» EXERCISE REQUIREMENTS
Only one stretch of the data should be retyped: the lines from the line containing "一直都知道馬偕死後葬在臺灣,原來不只是馬" through the line containing "Yoga poses at". Keep pictures out of it.

» DATA FOR REVIEW
--- START ---
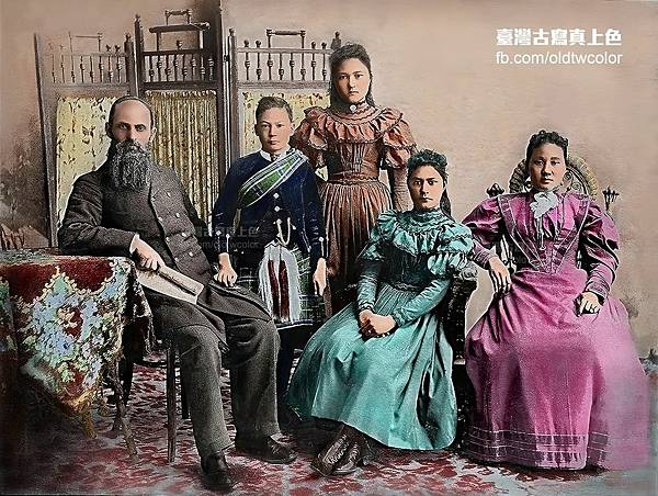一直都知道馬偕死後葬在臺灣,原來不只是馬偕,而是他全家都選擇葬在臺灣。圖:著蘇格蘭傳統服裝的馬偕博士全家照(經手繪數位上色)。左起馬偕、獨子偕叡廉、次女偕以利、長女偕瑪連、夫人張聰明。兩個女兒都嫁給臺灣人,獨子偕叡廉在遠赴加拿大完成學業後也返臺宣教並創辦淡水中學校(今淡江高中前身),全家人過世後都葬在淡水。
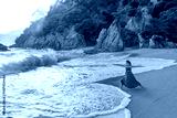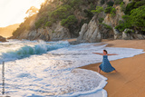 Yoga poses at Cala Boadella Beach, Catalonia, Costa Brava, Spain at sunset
--- END ---
--- START ---
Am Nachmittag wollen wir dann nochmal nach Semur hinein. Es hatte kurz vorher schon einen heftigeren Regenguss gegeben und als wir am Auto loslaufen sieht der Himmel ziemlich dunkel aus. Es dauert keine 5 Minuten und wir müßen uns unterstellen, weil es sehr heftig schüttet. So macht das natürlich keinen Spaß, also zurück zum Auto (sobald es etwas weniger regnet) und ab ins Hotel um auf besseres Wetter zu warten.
--- END ---
» WRITTEN RESPONSE
一直都知道馬偕死後葬在臺灣,原來不只是馬偕,而是他全家都選擇葬在臺灣。圖:著蘇格蘭傳統服裝的馬偕博士全家照(經手繪數位上色)。左起馬偕、獨子偕叡廉、次女偕以利、長女偕瑪連、夫人張聰明。兩個女兒都嫁給臺灣人,獨子偕叡廉在遠赴加拿大完成學業後也返臺宣教並創辦淡水中學校(今淡江高中前身),全家人過世後都葬在淡水。
 Yoga poses at Cala Boadella Beach, Catalonia, Costa Brava, Spain at sunset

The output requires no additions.